WHAT YOU NEED TO DO: Given these entries, repeat exactly the lines starting with the one that has "76-7002-004 РАСПАЯЧНАЯ КОРОБКА" and going on through the one that has "Pinke Gerippe Apple", both included, but none of the pictures.

Records from a data collection
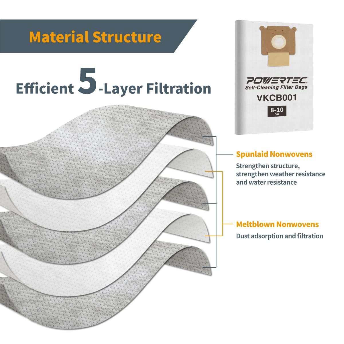 POWERTEC VKCB001 Dust Bags for Vacmaster 9PK, for VK811PH, VK1011SIWTH 8-10 Gallon Wet/Dry Vacuums, Replacement for Vacmaster High Efficiency Dust Collection Bags, Vacuum Bags, Filter Bags (75043-P3)—
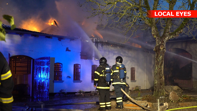 Personer på stedet oplyser at 15 heste blev reddet ud men 2 af hestene løb tilbage i den brændende bygning.
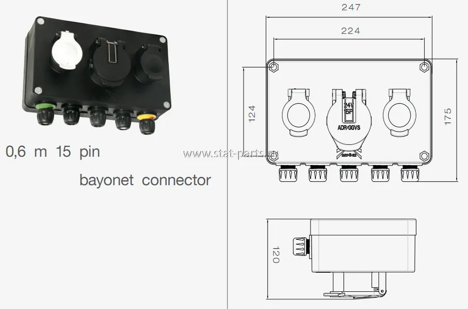 76-7002-004 РАСПАЯЧНАЯ КОРОБКА С РОЗЕТКАМИ С КАБЕЛЕМ 0,6М
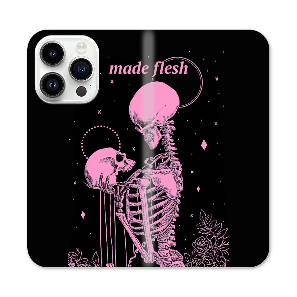 Pinke Gerippe Apple iPhone 14 Pro Flip Case● Seitlich klappbar
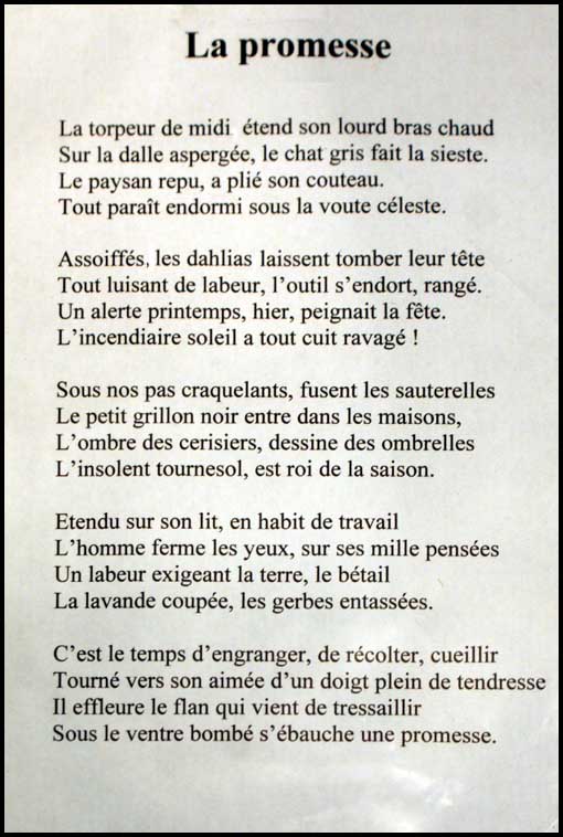 En l’absence de la photographe, sise à Bourgoin-Jallieu (excusée), seule la chansonnière du bonheur, sise à Bollène, nous confie sa joie d’être : « La poésie exalte les sentiments, à partir des événements de la vie : une naissance, un mariage, un deuil. J’ai commencé dès l’enfance. A l’école, je ne brillais guère en arithmétique, mais j’étais la reine pour les rédactions. Le pic se situe dans les années 80. Mes quatre enfants étaient grands, j’étais esseulée, les poèmes m’ont sauvée. J’en ai écrit plus 1200 ! ».
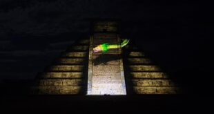 _Invitan a disfrutar del espectáculo nocturno a los pies de la pirámide El Castillo._ Tinum, Yucatán, a 29 de enero de 2026.- Antes de viajar al pasado con una proyección audiovisual de alto nivel, el imponente Templo de Kukulcán, en el corazón de Chichén Itzá, da la bienvenida a las …

YOUR RESPONSE:
 76-7002-004 РАСПАЯЧНАЯ КОРОБКА С РОЗЕТКАМИ С КАБЕЛЕМ 0,6М
 Pinke Gerippe Apple iPhone 14 Pro Flip Case● Seitlich klappbar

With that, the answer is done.